Faruk Koca meselesinde sergilenen tutum ise yani hakeme yönelik şiddetin hızla değerlendirip cezalandırılması burada bir asimetri yaratıyor. Buradaki tercih de, failin eski AKP milletvekili olması nedeniyle grup içi bir sorunlar ve çatışmalarla ilişkili olabileceği izlenimini yaratıyor.

İKTİDARLAR, HER ŞEYİ ARACA DÖNÜŞTÜME POTANSİYELİ TAŞIR 

Tribünler, toplumdaki şiddetin en görünür hale geldiği alanlardan biri. Neden böyle? 

Kitlelerin tepkilerinin soğurulduğu, ortadan kaldırıldığı ya da daha da yoğunlaştırıldı diğer taraftan kriminalize de edildiği bir alan olarak futbol ortamı kullanılıyor. Tribünlerin politik bir araca dönüştürdüğünü söyleyebiliriz.

Siyasi iktidarlar, varlıklarını sürdürmek için hemen her şeyi araca dönüştürme potansiyeli taşırlar ve farklı yönleriyle futbol da böyle bir özellik taşıyor.  Türkiye’ye özgü değil dünyanın birçok ülkesinde futbol ve siyaset ilişkisi, kitle psikolojisinde bazı tutum ve davranışların üretildiği yerler olmuştur.

Tribünler kimi zaman bir toplumsal muhalefetin taşıyıcısı olarak etki gösterir, bazı değerleri savunur bazen de ırkçı ayrımcı söylemlerle ötekileştirmenin kaynağı olur. Bu gerçekten üzerine çalışılması gereken, farklı açılardan bakılması gereken bir tartışma konusu.

İKTİDARLARIN ŞİDDETLE EGEMENLİK KURMA EĞİLİMLERİ

Toplumsal yaşamın her alanında yaygınlaşan şiddetin sebeplerini nerelerde aramalıyız? Toplumdaki şiddet eğilimi nerelerden, nasıl besleniyor?

Artan şiddetin nedeni kişisel değil; tabloyu bireysel faktörlerle açıklamak, bireyin psikolojisine indirgemek doğru değil. Bugün siyaset tarafından, şiddetin ve şiddet dilinin politik bir araç olarak kullanıldığını görüyoruz.

Yoksulluk, eşitsizlikler, ekonomik krizler özellikle neoliberal politikaların yarattığı ciddi güvence kaybı, işsizlik vs. tüm bunlar ve siyasal yapıların şiddetten yararlanarak iktidar/egemenlik kurma eğilimleri, toplumsal şiddetinin artışında rolü olan temel değişkenler.
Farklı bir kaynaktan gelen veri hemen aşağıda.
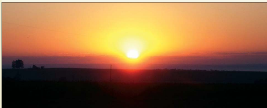
Atardecer en Friesland

El Hotel Tannenhof es otro lugar en el centro de la Colonia que ofrece por iniciativa propia turismo interno, alojamiento y servicio de restaurante a todos los visitantes.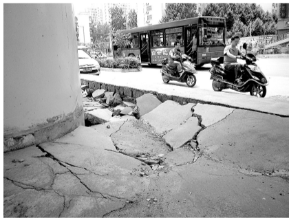
政通路天桥 多半地砖松动

过路老先生:两面玻璃坠落可能会出现伤害事故,希望有关部门上桥进行检查,尽快更换排除隐患。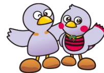
埼玉県マスコット 「コバトン」&「さいたまっち」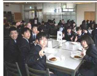
↑クラスの絆が深まります

旭丘高校に入学して初めての行事。毎年恒例のクラス対抗校歌コンクールで競ったり、学年共通の本を読み、感想や意見を話し合う読書会を開いたり、レクリエーションでクラスの絆を確かめるなどして、充実した2日間を過ごす。校歌コンクールやレクリエーションでは優勝クラスと準優勝クラスに豪華な景品ももらえる。一昨年までは北広島で行わ

Aslında suç ve şiddet davranışlarındaki artışı ve nedenselliklerini anlayacağımız bilgilere daha önce ulaşabiliyorduk. Örneğin, 2008 yılına kadar Emniyet Müdürlüğü suç istatistiklerini yayınlıyordu, buradaki demografik bilgilerle şiddet ve suçun nedenselliği üzerine düşünebilecek verilir elde edebiliyorduk. Sonra özellikle saldırı ve hırsızlık suçlarının artması ve bunların toplumda infial yaratacağı düşüncesiyle bu istatistikler yayınlanmamaya başladı.
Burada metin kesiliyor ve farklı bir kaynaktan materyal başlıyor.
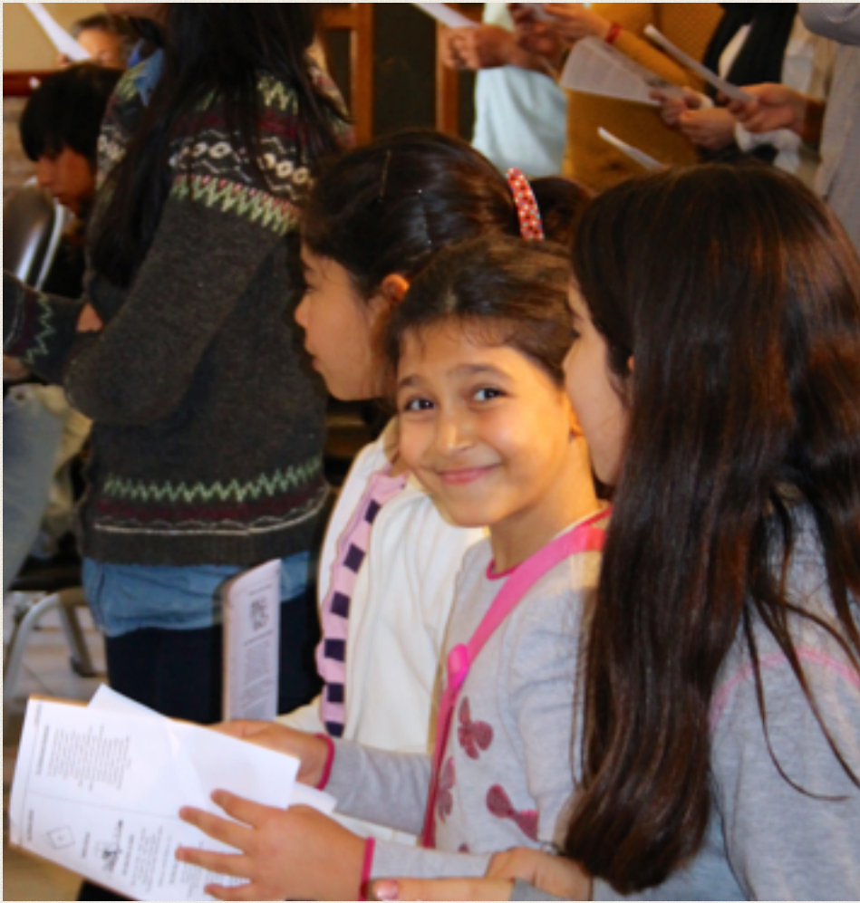
Bildet: Noen av barna som går i Antalya Evangelical Church

2008 yılından itibaren şiddet ve suç davranışının bu temel bileşenleriyle ilgili bilgilere sahip olamıyoruz. TUİK verileri de bu konularda yorum yapabileceğimiz, öngörüde bulunabileceğimiz, nedensellik bağı kurabileceğimiz şekilde oluşturulmuş değil.

Bu konuda araştırmalar yapılmak zorundadır, toplum tabanlı epidemiyolojik çalışmalar, şiddet davranışı ve yarattığı sonuçlarla ilgili kapsamlı çalışmalar hem geçmişten bugüne olanı anlamamıza hem de geleceğe yönelik bazı öngörülerde/projeksiyonlarda bulunmamıza katkı sağlayabilir.
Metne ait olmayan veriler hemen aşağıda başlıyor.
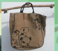
ジュート製のトートバッグ。 デザインも素敵です

みなさん、世界中のジュート生産量の約25%がバングラデシュで生産されていることをご存知でしょうか？バングラデシュでなぜジュート産業が盛んかというと、それは気候風土が適しているからなのです。この植物が好む高温多湿な気候に砂質土壌、さらに収穫後に繊維生産のために必要とされる大量の水、それら全てがここには揃っており、多くの農家が生産に取り組んでいます。日本へもバングラデシュ産のジュート製品が多く輸出されています。茎の部分の皮を利用した100%植物由来の材料ですから、廃棄する際の環境への負荷も小さいです。ゴミ問題が世界中で課題となっている中、今後もこの素材への注目が高まりそうです。

KÖTÜLÜKLE MÜCADELENİN YOLU, İYİLİĞİ ÖRGÜTLEMEKTEN GEÇER

Buradan çıkış var mı? İyileşmek nasıl mümkün?

Hawking’in sözlerini burada sarf etmekten memnuniyet duyarım. Yapay zekanın dünyada egemenlik kazanmasıyla ilgili korkularının yarattığı etkiyle karamsarlığı ve umutsuzluğu vurgulasa da sözü çok değerlidir: Yaşam varsa umut vardır.

Şiddete ve bütün bu buna eşlik eden ya da sonucunda ortaya çıkan kötülüklere karşı mücadele etmenin yolu her zaman iyiliği örgütlemektir. Toplumların gelişmesi/güçlenmesi, toplumsallaşmanın ve bireysel yetkinliğin artması, bireylerin özgürlükçü, sorgulayan düşüncelere ulaşması ve umudu dayanışmayla örmesi/örgütlemesi, siyasetin buna göre dönüşüm geçirmesi bunları değiştirebilir. Bu da; çalışanların, emekçilerin, üretenlerin, hayata hayat verenlerin sorumluluğu ve çabasıyla can bulacaktır diye düşünüyorum.